Author : Jayaraj J, Muthukrishnan S, Liang GH.

Address : Department of Biochemistry, Kansas State University, Manhattan 66506, USA. jaya@sfu.ca

Abstract : Transfer of a plant chitinase gene into a nitrogen-fixing Azospirillum and study of its expression

Journal : Can J Microbiol

Volume No. : 50(7)

Publish Year : 2004

Page No. : 509-13

Main Data : Azospirillum is used extensively in rice and other cereal crops as a biofertilizer. There is a substantial opportunity to improve the efficiency of this bacterium through the transfer of genes of agricultural importance from other organisms. Chitinases are antifungal proteins, and expression of chitinase genes in Azospirillum would help to develop strains with potential antifungal activities. So far there are no reports about transfer of plant genes into Azospirillum and their expression. The present study was aimed at expressing an antifungal gene (a rice chitinase) of plant origin in Azospirillum brasilense. A rice chitinase cDNA (RC 7) that codes for a 35 kDa protein was subcloned into a broad host range plasmid pDSK519 under the control of LacZ promoter. The plasmid was mobilized into the nitrogen-fixing bacterium, Azospirillum brasilense strain SP51eFL1, through biparental mating. The conjugation frequency was in the range of 35-40 x 10(-6).
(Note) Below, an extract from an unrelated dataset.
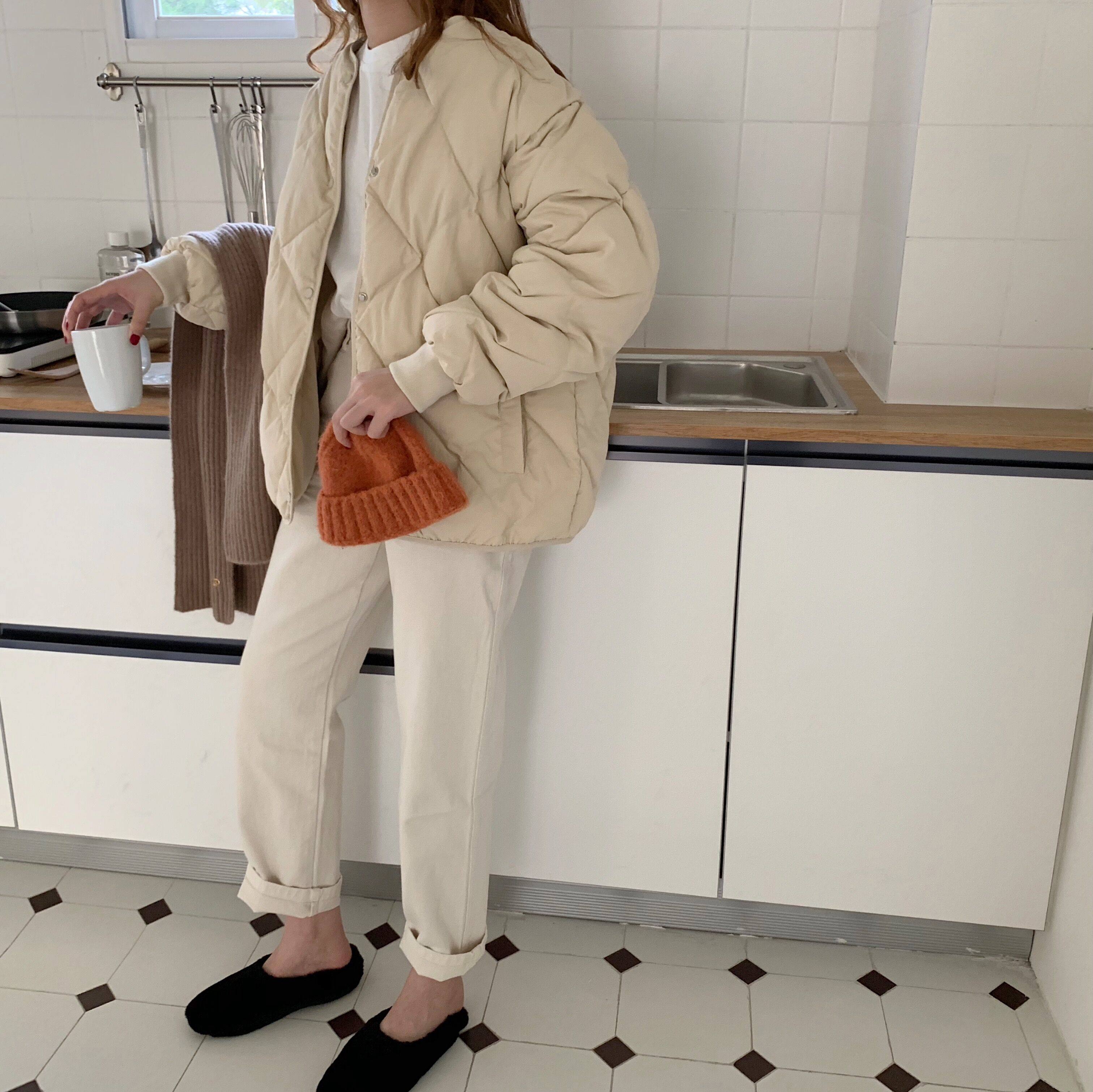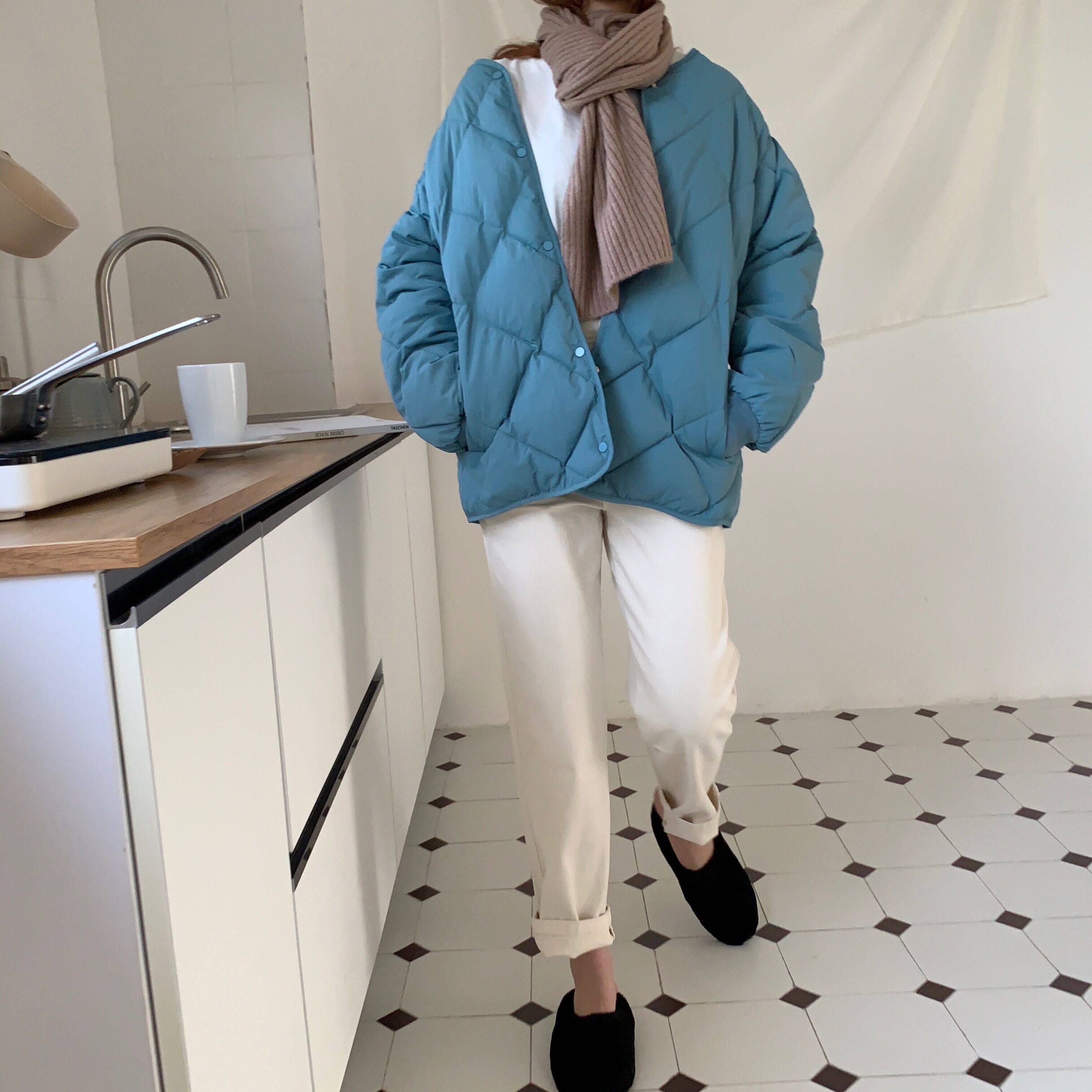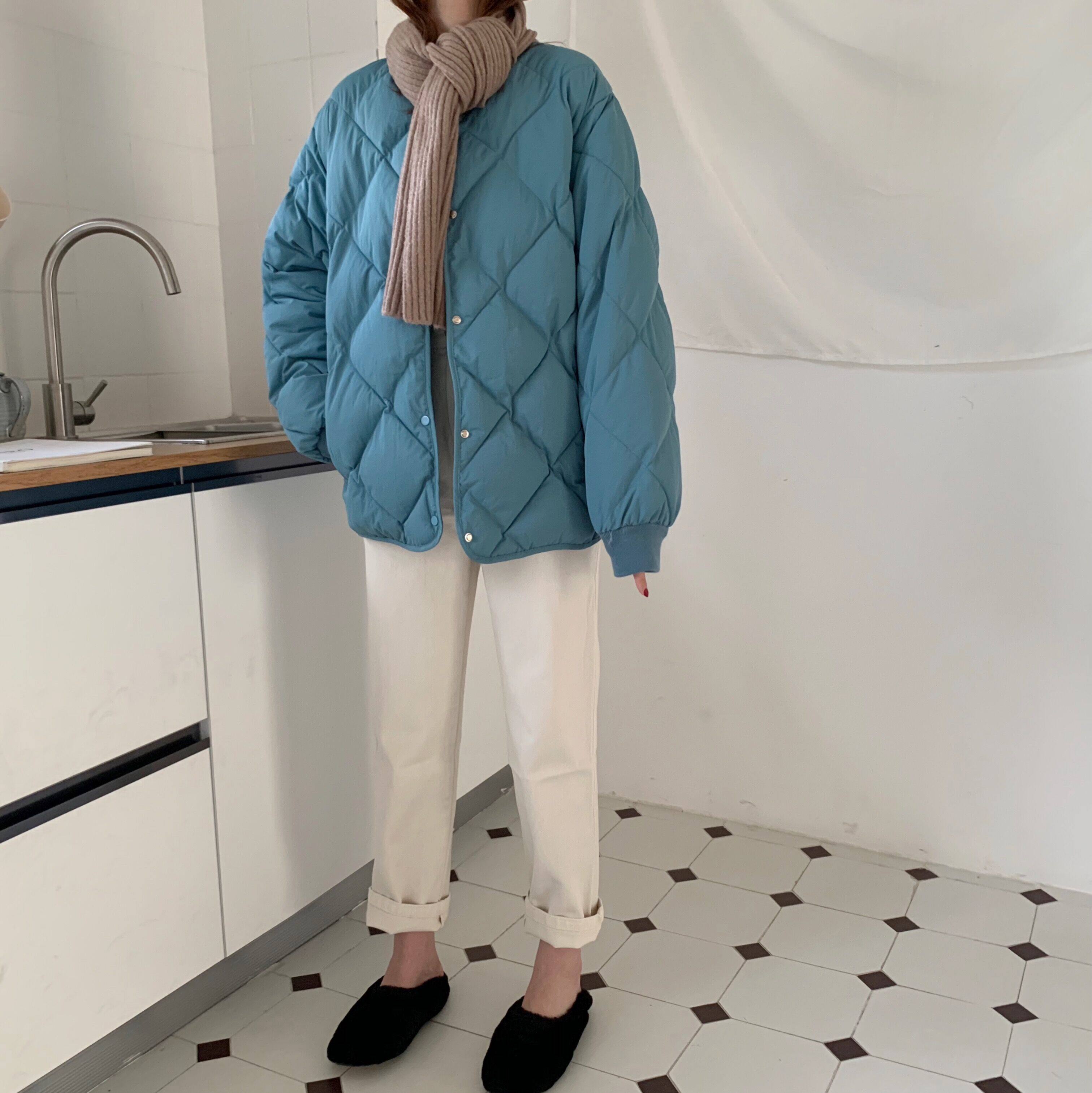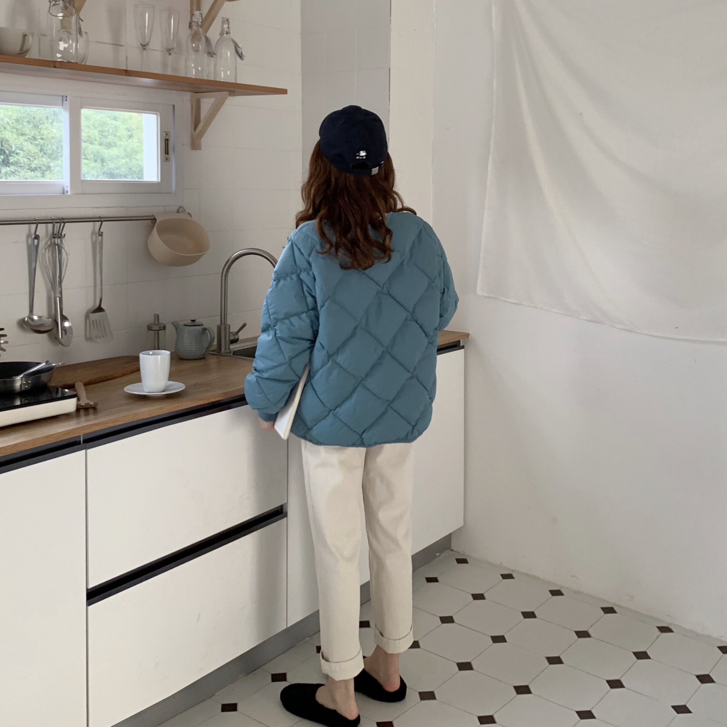 实拍 实价秋冬2018新款韩版百搭菱形ins面包服学生加厚棉袄外套女

The transconjugants grew in nitrogen-free media and fixed gaseous nitrogen in vitro. However, their growth and nitrogen-fixing ability were slightly less than those of the wild-type. Expression of the protein was demonstrated through western blotting of the total cell protein, which detected a 35 kDa band that was immuno-reactive to a barley chitinase antibody. The cell lysates also hydrolyzed various chitin substrates, which resulted in release of free sugars demonstrating the chitinase activity of transconjugants. The expressed protein also had antifungal activity as demonstrated by inhibition of growth of the plant pathogenic fungus, Rhizoctonia solani.